The two stories are relevant because of how I am seeing CQB tactics change. If you watch any number of videos on youtube where guys are actually getting shot at during CQB their animal brains kick in and you can see them fighting the fight or flight urges. The first move every single one of them makes is a step back from the door or hallway. Now, I can bet my house that none of these videos are of Tier-whatever type guys or units so maybe it would be different for them because of all their experience. But generally, people are not really excited or willing to go into a room when someone already has the drop on them. This is where the Military vs LE aspect changes. Military solution: grenade, Carl Gustaf, 25mm, Jdam, whatever (as long as it's not a hostage situation). LE solution: Get negotiator, ask him to stop please(sir), throw in a camera, or the Dallas SWAT technique: put a bomb on a Robot, situation solved (again not a hostage situation, completely different). What I am seeing is the idea of doing "threat assessments" in doorways and clearing most of the room without even entering the room. This isn't my idea or anything and I think it's pretty well known. Robert O'Neill talks about them doing tactics like this (it seemed to me anyway) as early as 2007 in his book. 

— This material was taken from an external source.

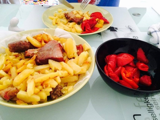 "Văru' Titi și a lui Ro m-au invitat la carne din borcan cu cartofi prăjiți și murături! Așa duminică... mai rar! Nu mai pot să scriu că mor de poftă... Poftă bună, tuturor:-)!", a scris vedeta.
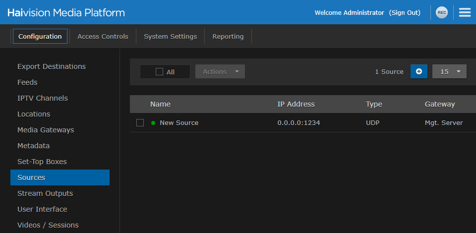 A source is an incoming unicast or multicast video stream or IPTV channel that can be recorded or viewed live. Haivision Media Platform provides access to video streams originating from Haivision Makito and Makito X encoders or other systems that produce compatible MPEG-TS video streams. When setting up HMP, you need to specify the streaming A/V sources to be available for content creators and others to view and capture.

I say all this because I am curious what most of you guys (SOF, SWAT, Infantry) are doing currently during MOUT operations with regard to battle drill 6 and NOT being a hostage situation. My two very limited experiences I shared were just to explain why I can see where using alternate techniques are being explored. Has it been a common trend in the SOF world to not enter and clear the room but clear the room by pieing or using angles? This is what is being taught at a lot of Police SWAT classes and I completely understand that it's not a "one size fits all" aspect. I would like to see what other's experiences are so I can do everything I can to make sure our guys are being effective, lethal, safe and most important, go home. Also, understand I am not asking anyone to violate any OPSEC, either. I have reached out to a mod about asking these specific questions to check if it was okay.


----------



## Red Flag 1 (Feb 24, 2018)

Where did you post the first thread?


----------



## Ooh-Rah (Feb 24, 2018)

Red Flag 1 said:


> Where did you post the first thread?


CQB: Ruminations on the meaning


----------



## Red Flag 1 (Feb 24, 2018)

Ooh-Rah said:


> CQB: Ruminations on the meaning



Yeah, I found it while the OP was still signed on. It is the last entry in a "Modern Conflict" thread and there are no further replies. I don't see any advantage it two postings so I think I'll lock this one down. 

Thanks, J!


----------